Ukraine says hit oil facility in Crimea

Ukraine says hit oil facility in Crimea

KIEV
Ukraine says hit oil facility in Crimea

Ukraine said on Monday its forces had struck an oil terminal overnight on the Crimean peninsula, seized by Moscow in 2014, in Kiev's latest attack on Russian-controlled energy facilities.

Kiev has ramped up strikes targeting Russia's energy sector in recent months aiming to dent revenues used by Moscow to fund its invasion, now grinding through its third year.

"At night, a successful strike was carried out on the enemy's offshore oil terminal in temporarily occupied Feodosia, Crimea," the Ukrainian military said in a post on social media.

Russian-installed authorities in Crimea said a fire had broken out at an oil depot in the Black Sea port town of some 70,000 people and that there were no casualties.

The Russian Defense Ministry meanwhile said that 12 Ukrainian attack drones had been downed over the peninsula overnight, of a total of 21 deployed by Kiev.

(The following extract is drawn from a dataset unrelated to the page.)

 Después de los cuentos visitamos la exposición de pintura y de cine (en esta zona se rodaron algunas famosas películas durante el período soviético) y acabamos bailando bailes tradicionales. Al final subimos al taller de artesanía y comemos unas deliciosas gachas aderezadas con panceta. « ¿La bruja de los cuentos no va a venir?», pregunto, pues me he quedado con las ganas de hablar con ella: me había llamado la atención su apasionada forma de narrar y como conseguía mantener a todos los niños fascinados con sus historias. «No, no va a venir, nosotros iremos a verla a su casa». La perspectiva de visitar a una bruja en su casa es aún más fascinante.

"The Feodosia terminal is the largest in Crimea in terms of transshipment of oil products, which were used, among other things, to meet the needs of the Russian occupation army," the Ukrainian military said, vowing to continue such attacks.

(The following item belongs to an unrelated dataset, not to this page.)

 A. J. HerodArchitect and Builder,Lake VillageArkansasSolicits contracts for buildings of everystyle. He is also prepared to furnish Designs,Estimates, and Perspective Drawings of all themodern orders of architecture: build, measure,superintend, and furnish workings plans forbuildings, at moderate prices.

Ukraine insists the strikes are fair retaliation for Russian attacks on its own energy infrastructure that have plunged millions into darkness.

Separately, Ukrainian authorities said three civilians had been killed in overnight Russian attacks, two brothers aged 35 and 38 in the eastern region of Sumy and a 61-year-old woman in the southern Kherson region.

Russian forces launched several missiles and dozens of drones overnight at Ukraine, the air force in Kiev said, with two missiles shot down over the capital and the third exploding near an airfield in the central Khmelnytskyi region.

Authorities in Kiev said debris from the downed missiles had landed near a kindergarten.